En el capítulo III “Delineando
dispositivos pedagógicos como prácticas de ejercicio de poder” analiza
estrategias político-pedagógicas impulsadas por un conjunto de feministas
agentes estatales en el marco de dos instancias del Estado provincial: el Equipo
ESI y docentes de enseñanza pública de nivel superior, las que entiende como
prácticas políticas desde los márgenes.
En
cuanto al Equipo provincial de ESI, plantea que el mismo desarrolló espacios de
formación especializada para docentes, equipo directivo y personal escolar, en
las que subyace la propuesta de que la docencia se constituya como el primer
sujeto de esta ley, a fin de poder impulsar un proceso autoperceptivo
y de reconocimiento en su carácter sexo-generizado
que contribuya al proceso de educar en sexualidad. En torno a tales
capacitaciones, la autora reconoce disputas y negociaciones con el Ministerio
de Educación, por ejemplo, acerca del presupuesto y el conjunto de
destinatarios de las capacitaciones, y entre docente feministas y el Equipo
ESI, tal como aquella sobre las estrategias de implementación de la ley y la
modalidad de dictado de las formaciones (particularmente por el Aula Virtual).
También identifica la creación de materiales didácticos y pedagógicos para los
diversos niveles del sistema educativo.

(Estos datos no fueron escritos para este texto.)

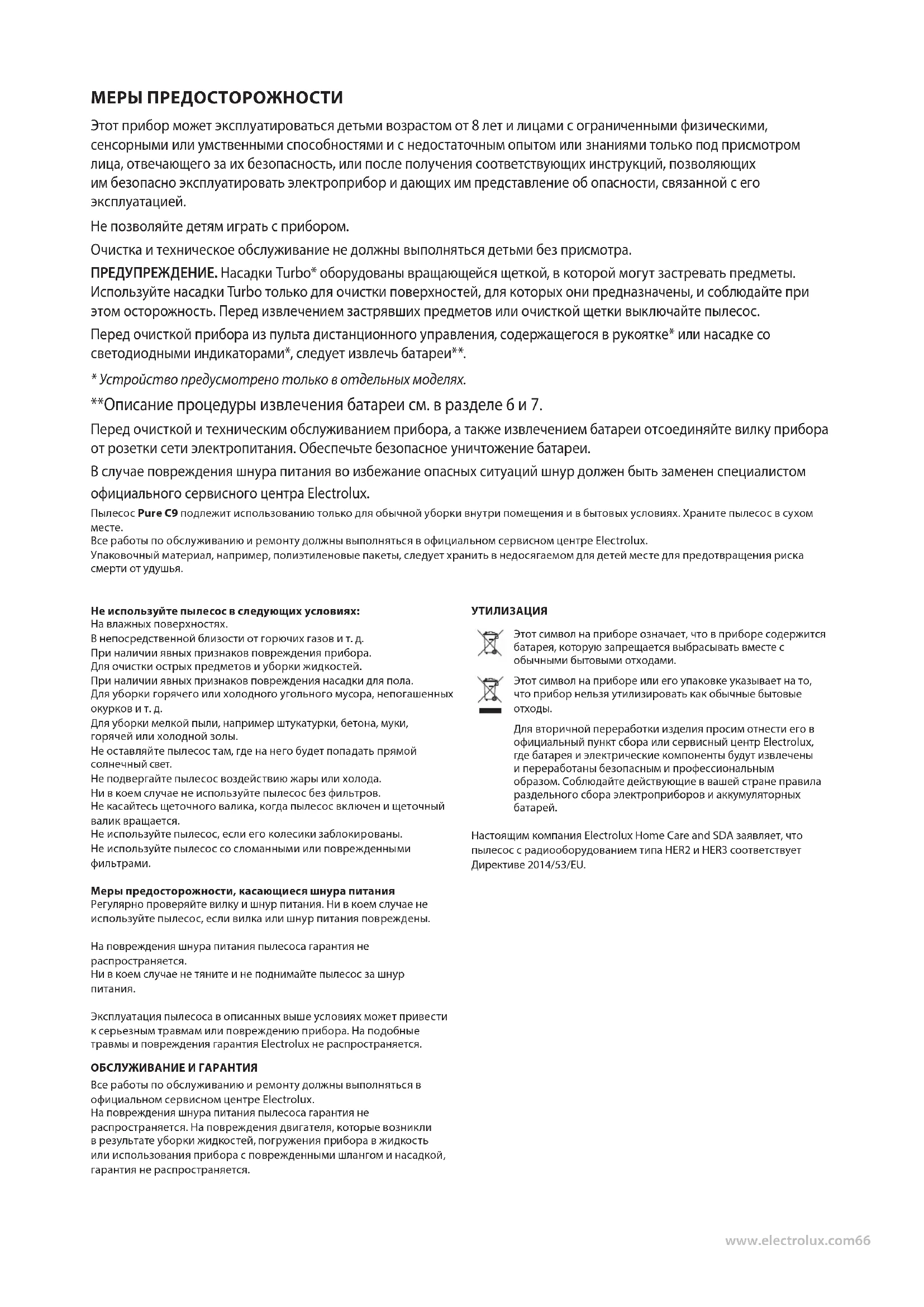- Устройство предусмотрено только в отдельных моделях. **Описание процедуры извлечения батареи см. в разделе 6 и 7. Перед очисткой и техническим обслуживанием прибора, а также извлечением батареи отсоединяйте вилку прибора от розетки сети электропитания. Обеспечьте безопасное уничтожение батареи. В случае повреждения шнура питания во избежание опасных ситуаций шнур должен быть заменен специалистом официального сервисного центра Electrolux. Пылесос Pure C9 подлежит использованию только для обычной уборки внутри помещения и в бытовых условиях. Храните пылесос в сухом

Además, sostiene que desde su
conformación el Equipo ESI se involucró en el proceso de modificación de los
Diseños Curriculares de formación docente a fin de adaptar los contenidos en
clave de género y derechos humanos, aspecto en el que la provincia de Santa Fe
se constituye como pionera. La investigadora plantea que este proceso implica
el impulso de un nuevo paradigma desde el cual pensar la práctica
docente.
A
la vez, da cuenta de que el Diseño Curricular para la ESI contempló la
inclusión del seminario “Sexualidad Humana y Educación” en la formación docente
de nivel superior, dictado por primera vez en 2012. Caracteriza este seminario
tanto por la presencia de la perspectiva de género en su fundamentación y sus
contenidos, así como por una serie de contradicciones: su nombre (aspecto
disputado por las trabajadoras del Equipo ESI, quienes impulsaron la
institucionalización de seminarios que lleven tal sigla en su denominación) y
su relación con la definición de sexualidad sostenida, y el hecho de que se
aluda a “malestares de la sexualidad” que implican una asociación con el saber
biomédico (el que construye rangos de normalidad en torno a la sexualidad), con
el que la ESI disputa sentidos.
Respecto de las docentes
feministas, la autora concibe que poseen mayor margen de acción en relación al
proceso de construcción de identidades estratégicas a raíz de tener condiciones
laborales de mayor estabilidad una vez que ingresan al sistema educativo. En
esta línea, presenta dos experiencias de curricularización
de la ESI a través de la figura del Espacio Curricular Optativo (ECO) en un
profesorado de Educación Física y en uno de Historia.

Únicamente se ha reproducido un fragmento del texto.